## [Dataset content]
......
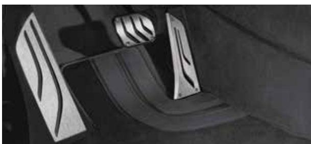
Stainless Steel Footrest
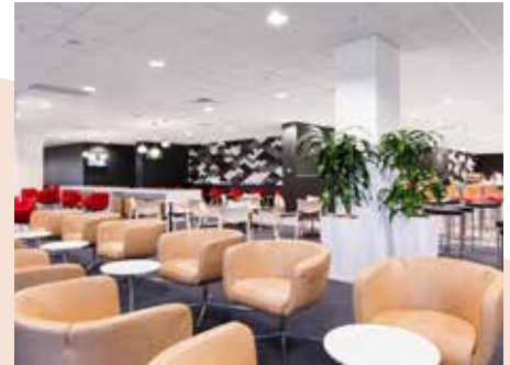
Darwin International Airport Expansion

Watpac is delivering a major upgrade of the Overseas Passenger Terminal at Circular Quay in Sydney. The main scope of works includes extending and refurbishing the ground floor to increase passenger capacity and improving access via road upgrades, a new taxi drop off area and the installation of new internal and external lifts. The upgrade will also deliver a new mezzanine floor to increase the Terminal's internal seating capacity and an extension to the south forecourt to provide additional covered seating areas. Construction is well advanced with works taking place in a live and operational passenger terminal. Site activities have continued 24 hours a day seven days a week since September in order to accelerate the works, which will be progressively handed over from late December 2014.
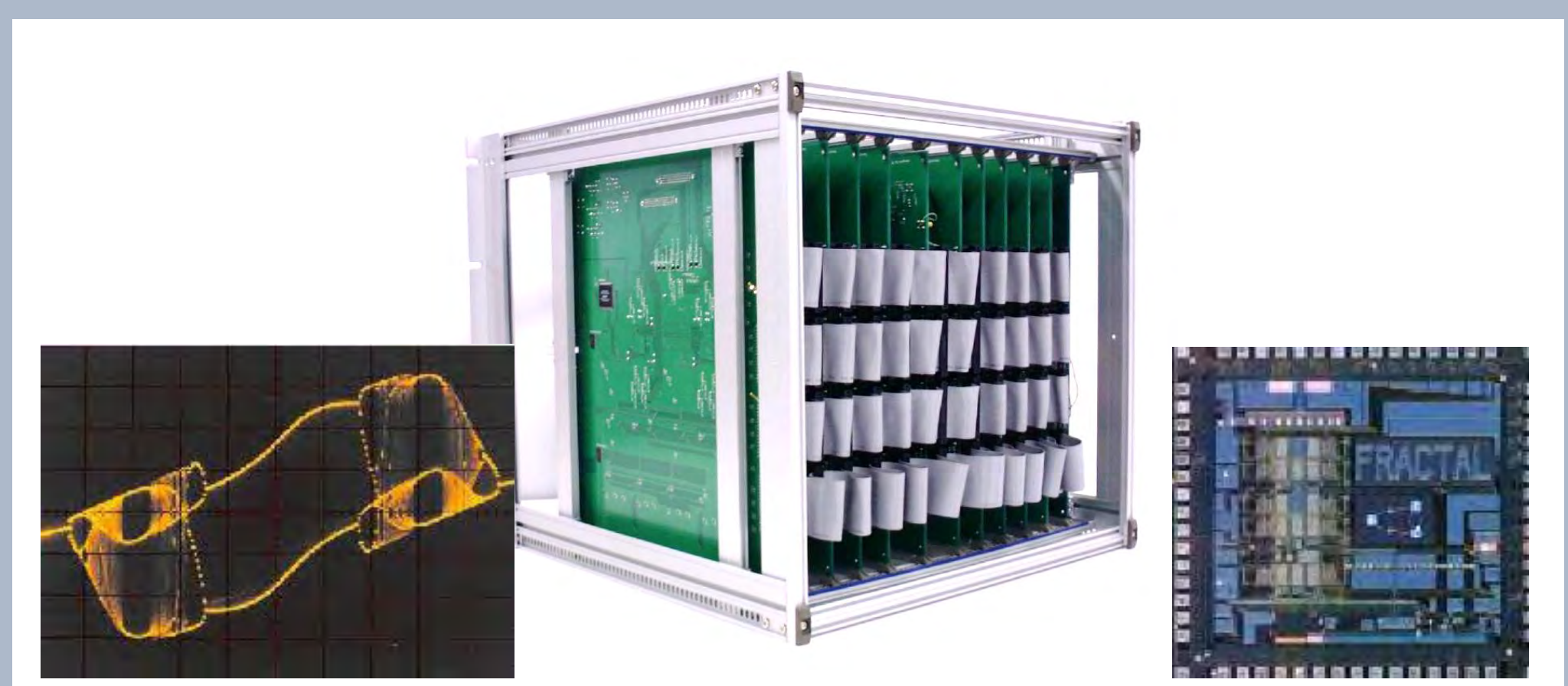
Applications of chaos and fractal: analog silicon neuron and chaotic neuro computer

We are trying to clarify the mechanism of real neural networks and to reveal the high-order functions of the brain through developing mathematical models of neurons/neural networks and identifying underlying non-trivial mathematical structure. As an application, we are also developing analog silicon neural networks and AI in collaboration with Kohno lab.
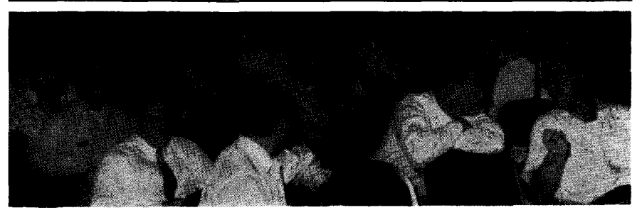
Heat and humidity made informal attire appropriate. Here delegates await report of tellers counting committee election ballot.

Publications and sales: Most of the publications, including vacation Bible school materials, tracts, books, and catechetical materials, are well known to our readers. It is of interest that the vacation Bible school materials were used this year by 115 churches outside the denomination, a substantial increase over the previous year. Also the sales of tracts published by the committee increased this year by (See "Assembly Report," p. 123)
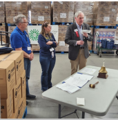
It's a Matter of Empowering and Making a Difference - Why We Celebrate

Rotary is proud to celebrate the achievements of our members and the impact they have made in their communities. This year, we have seen a record number of projects completed and a record number of people inspired to get involved. We are proud to be a part of the solution and to see the positive change we are making in the world.
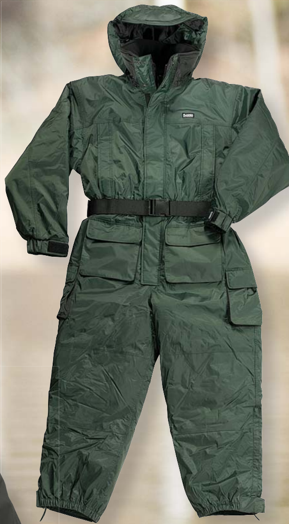
Thermal All Weather Suit
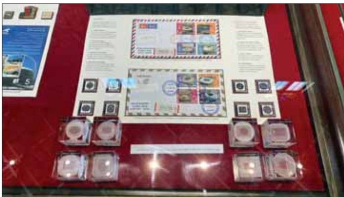
A view from the exhibition.

The Qatar Philatelic and Numismatic Center aims to sponsor and spread the hobby of stamp and numismatic collecting. The centre also aspires to advance it, provide conditions for its members to practice this hobby and to develop it by all means and methods, and to encourage amateurs to participate in exhibitions.
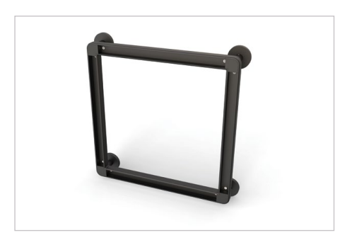
Square Bar Finish: Matte Black 16" x 16" | 01SQ16MB 24" x 24" | 01SQ24MB
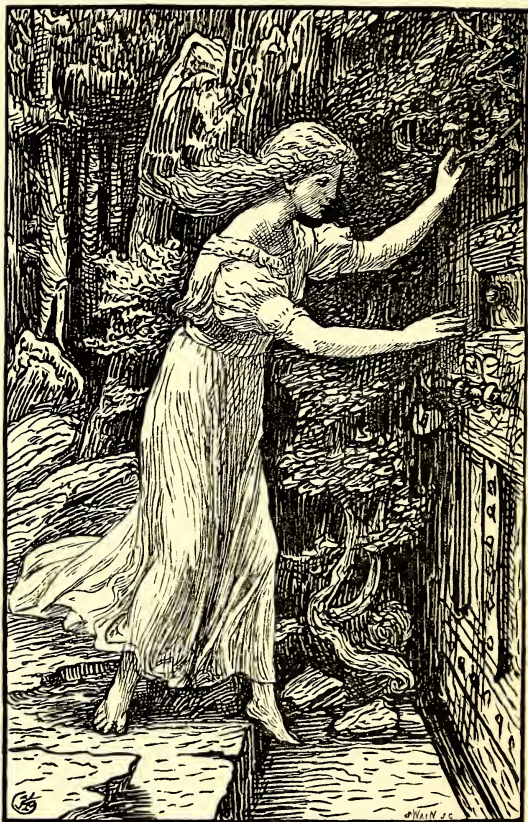
“She hunted about among the leaves and branches till she found a little silver knob.”—P. 83.
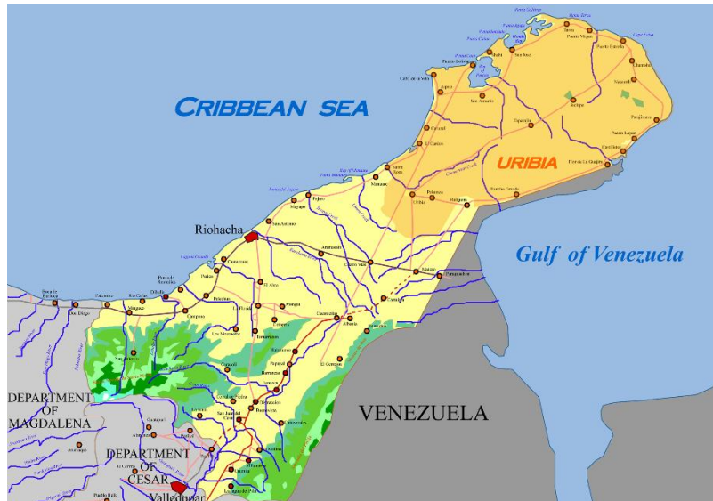
Figure 2. Map of La Guajira (2)

The largely desertic La Guajira department is located in the northernmost tip of Colombia, between the Caribbean Sea and the Gulf of Venezuela. According to the Colombian statistical bureau 2005 census, 45% of La Guajira population is indigenous, and among the indigenous groups the
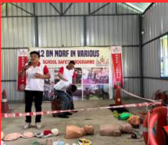
IRCS Imphal West District and 12 BN NDRF Conducted one day school safety program at AJAD english school

THE EARTH IS THE CRADLE OF HUMANITY, BUT MANKIND CANNOT STAY IN THE CRADLE FOREVER.
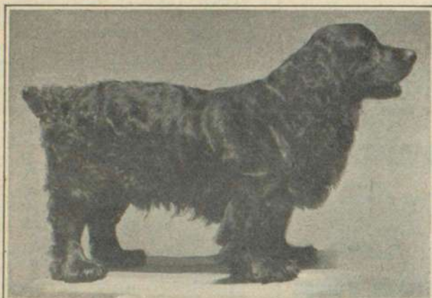
CHARMER OF WAR (C.K.C.S.B. 61954)

"HOME OF THE BETTER KIND OF COCKER SPANIELS"
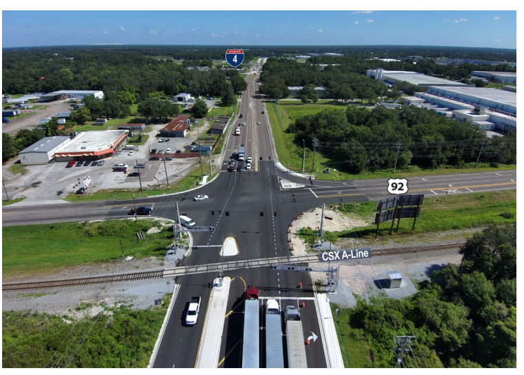
County Line Road at-grade crossing with CSX A-Line (Looking North)

The Florida Department of Transportation (FDOT), District One, is beginning a County Line Road Feasibility Study to evaluate the separation of CSX A-Line and County Line Road in Polk and Hillsborough Counties. This study will include traffic and pedestrian improvements along both County Line Road and US 92. The County Line Road study limits extend from Amberjack Boulevard north to Frontage Road south. These improvements are intended to enhance safety for the traveling public along the County Line Road corridor by separating the vehicle and pedestrian movements from the railroad crossing. If a feasible alternative is developed, the study will advance to a Project Development and Environment (PD&E) Study.
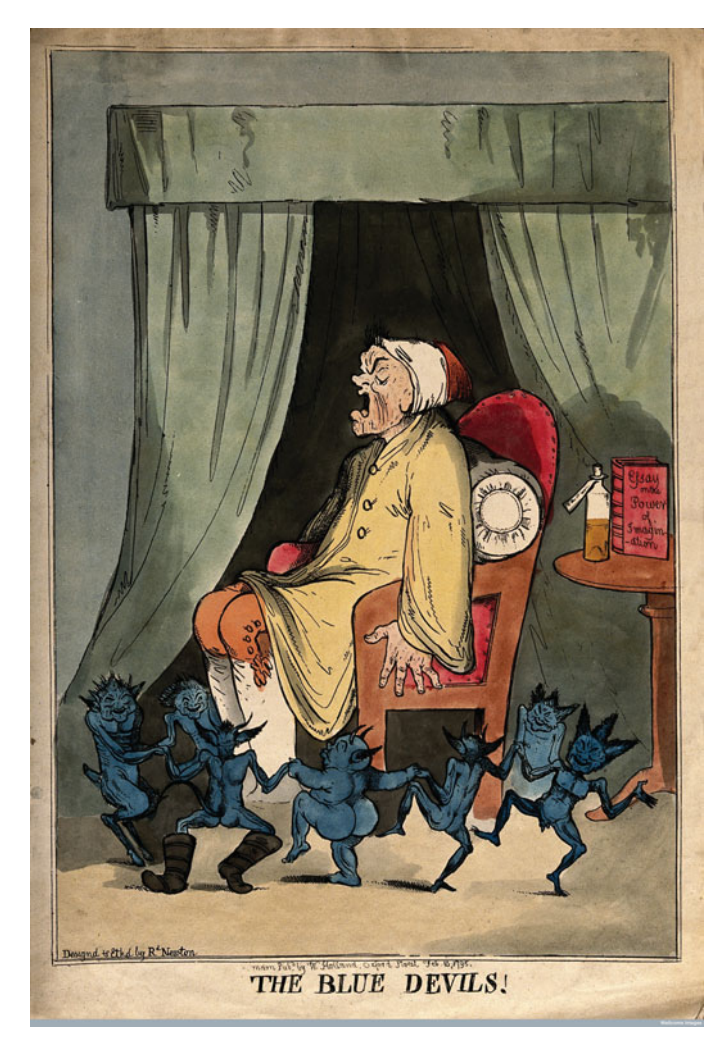
Figure 1 (Colour online) Richard Newton, 'The Blue Devils'. Coloured etching, self-portrait (London: Holland, 1795).

hole, echoes the bizarre physicality of the mischievous devils, emaciated and corpulent, human and animal, ambiguously sexed. On the table a flask of wine or spirits suggests both the cause of and the relief for the malady, and hints perhaps that the sufferer is inebriated. (It is worth noting that Bach's wife, Johanna Maria Dannemann, was the daughter of a wine merchant.) Next to the flask is a book entitled Essay on the Power of Imagination , after Joseph Addison's famous essay from The Spectator of 1712, an ironic illusion given the torments of the sufferer's disordered fancy.
......
## [Exercise]
Starting at the line with "Thermal All Weather Suit" in the entries above, write out every line exactly until the line with "The Qatar Philatelic" has been written. Include no pictures and nothing more.

## [Worked solution]
Thermal All Weather Suit
A view from the exhibition.

The Qatar Philatelic and Numismatic Center aims to sponsor and spread the hobby of stamp and numismatic collecting. The centre also aspires to advance it, provide conditions for its members to practice this hobby and to develop it by all means and methods, and to encourage amateurs to participate in exhibitions.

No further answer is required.